Methods:The potential of the FVIII locus to express new miRNAs was studied via reliable bioinformatics databases, such as SSCprofiler, RNAfold, miREval, miR-Find, FOMmiR, UCSC genome browser, and miRBase.
Results:Data analysis from previously mentioned databases offered two stem-loop structures predicted to express novel miRNAs.
Conclusions:The presented stem-loop structures can be used as powerful non-invasive biomarkers in early diagnosis of the disease and regulation of the factor VIII gene after subsequent experimental verification.

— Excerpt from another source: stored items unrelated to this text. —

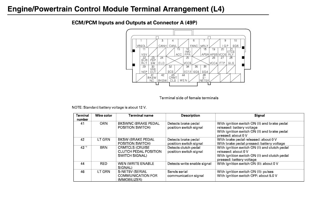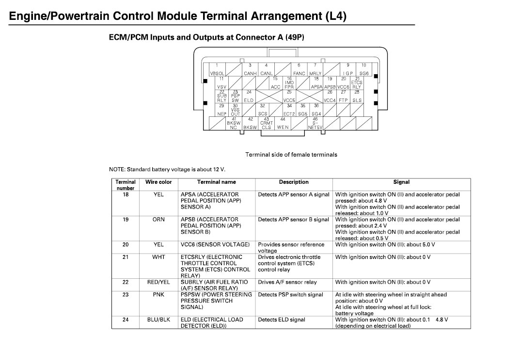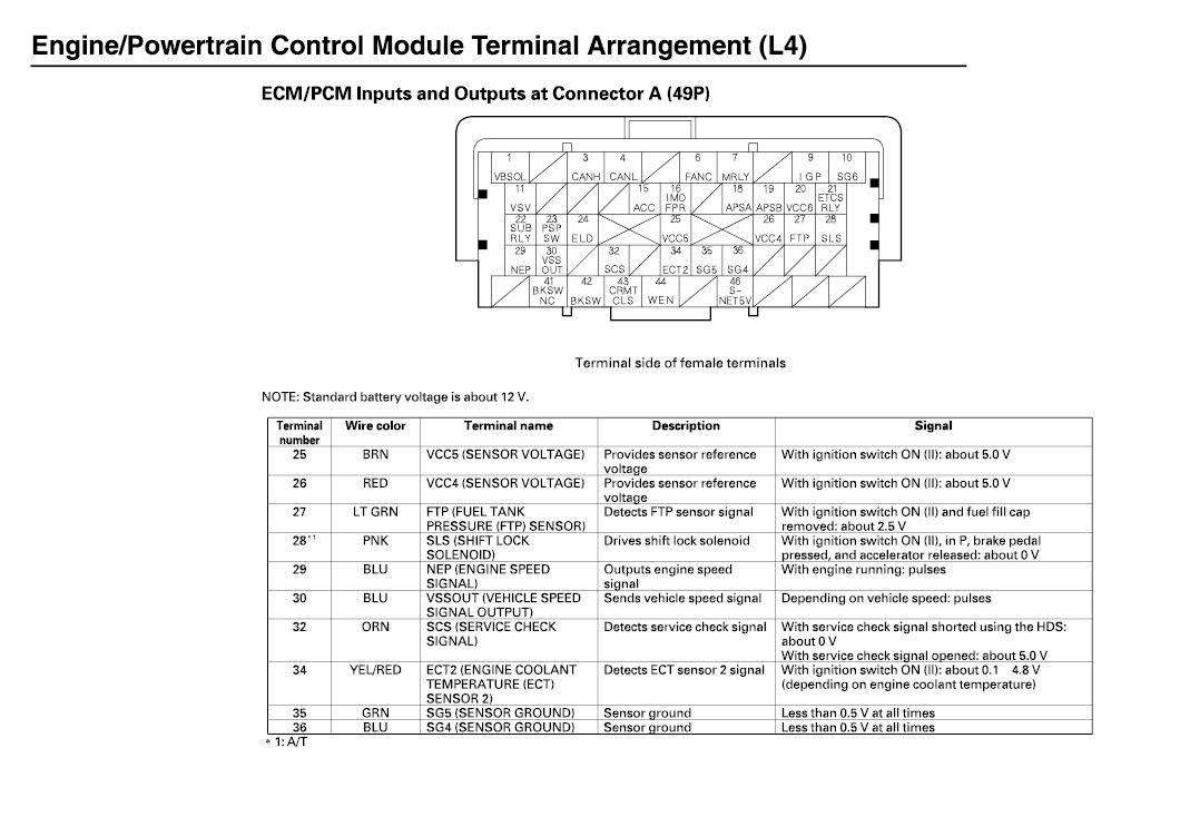 ECM/PCM Inputs And Outputs At Connector A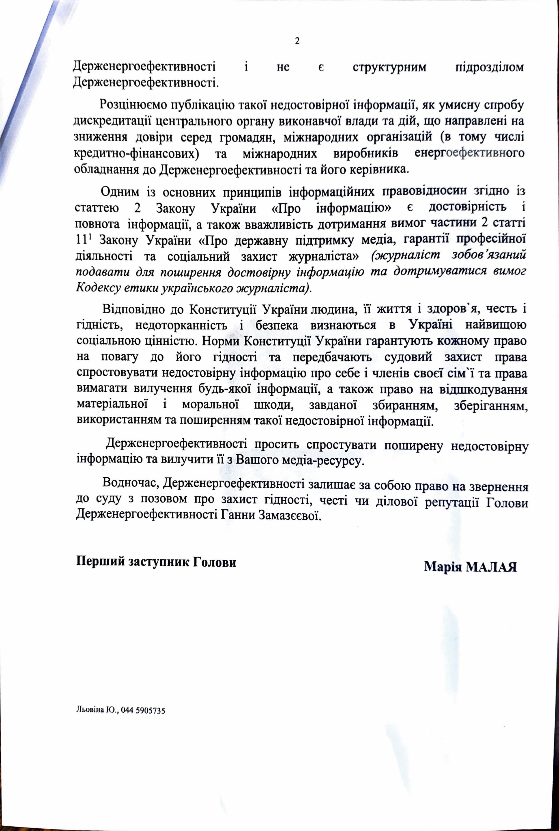 Агентство вимагає спростувати недостовірну інформацію, та запевняє, що вона не відповідає дійсності. Як зазначається у документі, Дмитро Гончаров не працює та ніколи не працював в Держенергоефективності, та відповідно ніколи не був підлеглим Ганни Замазєєвої чи працівником Держенергоефективності.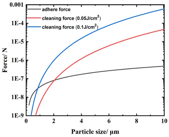 Cleaning force induced by laser irradiation and the adsorption force for different particle diameters.

Amongst the existing X-linked bleeding disorders, hemophilia A, with its recessive nature, is known as one of the most common ones. With the scientifically agreed-upon frequency of one in 5000 male births, the cause of this disorder is proved to be a sort of defect of the plasma protein involved in hemostasis called FVIII (1). Based on the natural function of FVIII, hemophilia A is subcategorized into three various levels of mild (> 5% - < 40%), moderate (1% - 5%) and severe (< 1%) (2), with the prevalence of 40%, 10%, and 50%, respectively (3). As an essentially functional plasma protein for the coagulation system of the human blood, FVIII is transformed into an inactive form via establishing a connection with the von Willebrand factor during the clotting process. When the body receives an injury, coagulation factor VIII activates and separates from the von Willebrand factor. The next step of the procedure of responding to injury is the interaction of factor VIII with another coagulation factor, factor IX. When these two factors interact with one another, a sequence of resultant chemical reactions leads to the coagulation of the blood (4).
With its exact location in the proximal segment of chromosome Xq28, the human FVIII (F8) gene has the function of encoding the coagulation factor VIII. Approximately, the length of this gene is 186 kb, including 26 exons, which leads to the production of two transcripts, each of which is spliced alternatively. A respectively large glycoprotein, known as isoform a, is encoded by the transcript variant 1; correspondingly, a putative small protein, isoform b, is encoded by the transcript variant 2 (5). More than thousand different mutations are reported in the F8 gene, including over 120 main deletions (< 50 bp); inversion in intron 1, which is accountable for 1% - 4% of patients with severe forms of hemophilia A; inversion in intron 22, which is accountable for nearly half of patients with severe forms of hemophilia A; and small substitutes and deletions of unspecified nature (6). More than 1000 mutations are archived thus far in the Hemophilia World Databank, also known as HAMSTeRs (7).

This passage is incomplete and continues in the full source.